A computer is not very useful in isolation. You need to be able to get programs and documents on to and off of the computer or it's all just so much impotent data. Today the primary means of sharing and exchanging information is the Ethernet network, in most cases the Internet. But it isn't always the best way to get something from point A to point B, since not everyone has their own publicly accessible server on the internet to use as a transfer point. And e-mail can only get you so far due to attachment size restrictions and the fact that most residential ISPs cap uploads to a much slower speed than they allow downloads. Downloading a 100MB file through a fat 300kbps pipe isn't so bad, but uploading it through a 50kbps straw can be intolerable in today's fast-paced, instant access, ADHD world.
So we still need removable media, whether it be a floppy disk (remember those?), USB jump drive, or portable external hard disk. In most cases these are very convenient ways to get large amounts of data from one place to another, but Apple seems to have not quite thought out fully how users interact with them.
What few people realize is that the Apple decided a while back that removable media should have its own Desktop and Trash Can, just like the computer itself does (note that in OS X the removable disk no longer appears to have its own Desktop†). This sounds like a pretty good idea on the surface, but the distinction between where the computer's Desktop and Trash Can ends and the removable device's begin is, by design, fuzzy. To the user, it appears that there's only one Trash Can and one Desktop, and the user will naturally assume that it's the computer's.
†The move to a UNIX filesystem has instead shifted this to users, so each user has a desktop in ~/Desktop, and files dragged from removable media will always be copied there.
— thanks OberonDarksoul!
Most people got their first clue that something deeper is going on when they put a floppy disk into the computer, and dragged a file from the disk onto the computer's Desktop. So far so good? The file moved, right? But eject the disk and the file will disappear from the Desktop! Because what you did was you dragged the file onto the floppy disk's Desktop, not the computer's! Likewise if you dragged the file into the Trash Can, if the Trash Can was empty before it will adopt the familiar "there's something in me" bulge, but upon ejection of the disk the Trash Can will be mysteriously empty. Again, you've put the file into the removable disk's Trash Can, not the computer's. Compounding the problem today is that users tend not to empty their Trash Cans as often these days, because with modern, massive hard disks saving that extra 50k of space by deleting your Word document isn't that important, so there's no telltale bulge transition to tip you off.
The way the interface works when you're dragging files around is actually pretty intuitive, in general. If you drag the file from one folder to another on the same disk then the file will be "moved". But if you drag it from one disk to another, it will be "copied". You can override this behavior by holding down various combinations of shift, ctrl, alt, or cmd (Apple) keys while dragging to force a copy, move, alias (shortcut) creation, or pull up a menu asking you what to do — but generally you don't have to, because 99% of the time the OS will quietly and unobtrusively do what you expect it to do. You can double check by keeping an eye on the little sub-icon that will appear on the file's icon, no sub-icon means move, a plus sign means copy, and a curved arrow means it will create an alias.

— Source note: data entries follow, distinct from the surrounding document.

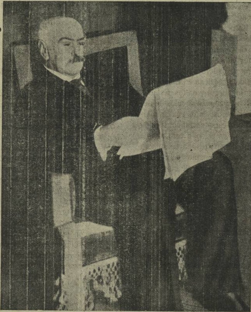
Don Juan Luis Sanfuentes Ilustre Presidente de la República de Chile.

atribuir la fuerza del régimen monárquico en España a la masa popular cuya ignorancia, según los conceptos subrayados más arriba, la hace fanática del derecho divino que fué principio religioso de la monarquía. Ni aun las clases sociales inferiores creen allí hace muchos años en tal principio. Y si es muy cierto que en el país existen numerosos elementos de eminente valor intelectual que profesan ideas contrarias a la monarquía, no lo es menos que no podrían contarse fácilmente los grandes espíritus que allí apoyan ese régimen, que lo es asimismo de orden, de paz y de progreso, porque ha de ser ciego del entendimiento quien negare los grandes progresos de
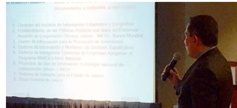
• Exposición de los casos de éxito del IIEG dentro de el Foro Geoespacial Latinoamericano 2015.

Se participó en respuesta a la invitación directa del INEGI para exponer los casos de éxito en materia de información geoestadística en el Latin American Geospatial Forum, Fortaleciendo la Colaboración Geoespacial para el Desarrollo Sustentable, realizado en la Ciudad de México del 10 al 12 de noviembre.
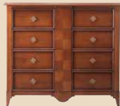
621 Comò 4 cassetti 4 drawers chest l. 130 p. 55 h. 114 65 Kg / 0,85 m 3
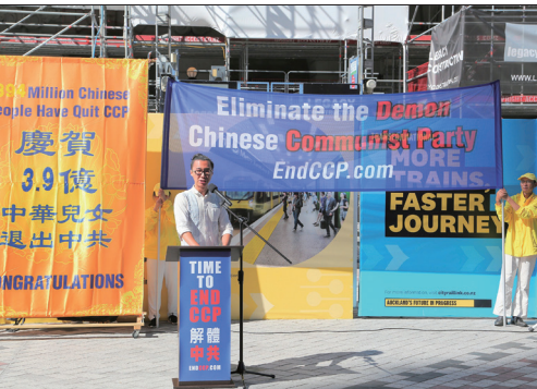
新西兰奥克兰市中心集会庆祝3.9亿勇士三退
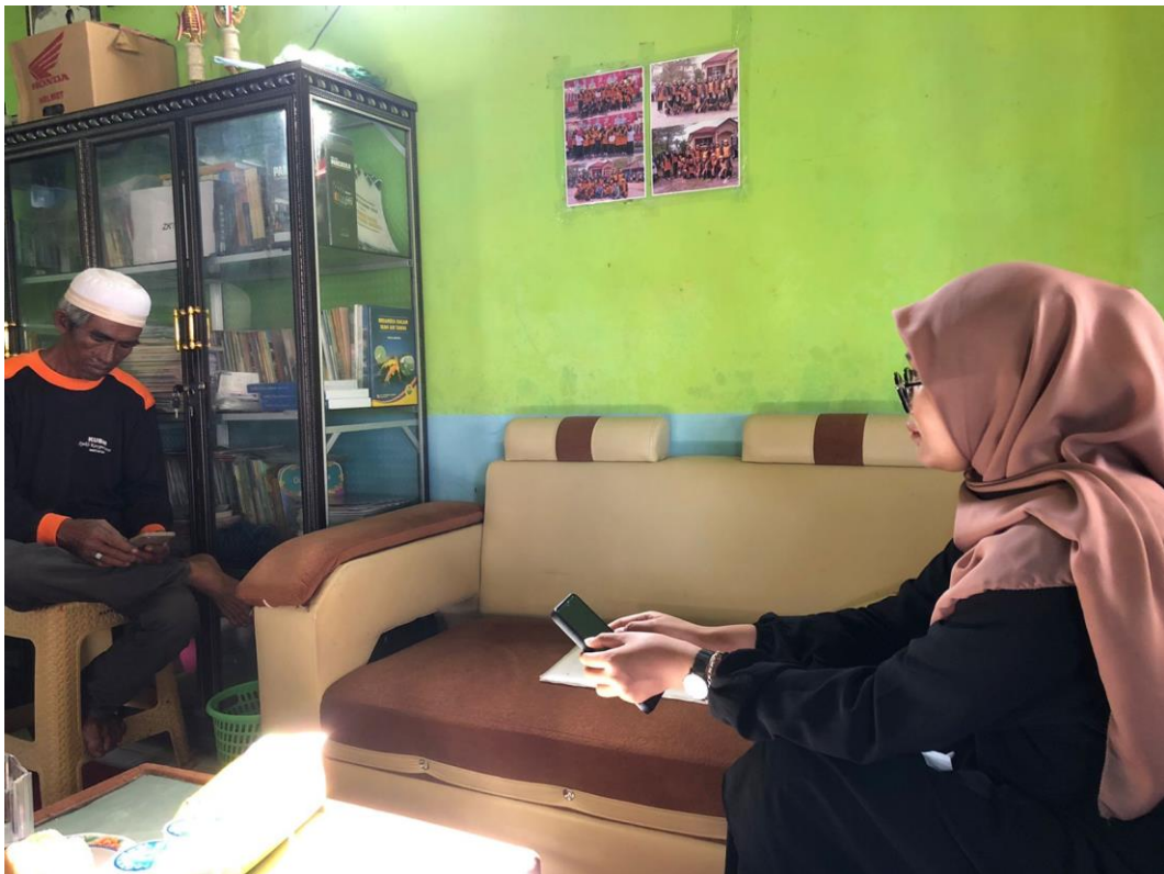
Wawancara bersama Aparat Desa

Back to our removable disk, prior to OS X if you drag the file into the Desktop, it will by default "move" the file onto the removable disk's Desktop. If you override this behavior and force a copy, it will "copy" the file onto the computer's Desktop (which is generally what you really wanted to do). This, at least, appears to no longer be the case in OS X, the removable disk no longer has its own desktop.
But the more confusing issue continues to be the Trash Can, which has an interface that is still shared between the computer and the removable disk. You need to empty the Trash Can with the removable media plugged into the computer in order to actually delete the file. This explains why people will throw away file after file, watching them vanish from their USB jump drives, but not actually see the drive's free space increase. If you put the jump drive into a Windows machine with the option to view hidden and system files turned on, you will see the a folder called .Trashes on the jump drive that's still holding all those files you thought you deleted. By contrast, Windows will automatically remove files deleted from a jump drive (or a network drive) without moving them to the Recycle Bin first. So you'd better be sure you really wanted to delete that file, but on the other hand you'll get your free space back immediately, which is far more critical on space-limited jump drives than modern, spacious hard disks.
So now that it's explained, it's not so bad, but it's still an extra, non-intuitive step that most users wish they didn't have to go through. But hey, at least they've eliminated the distinction between "ejecting" and "putting away" a removable disk.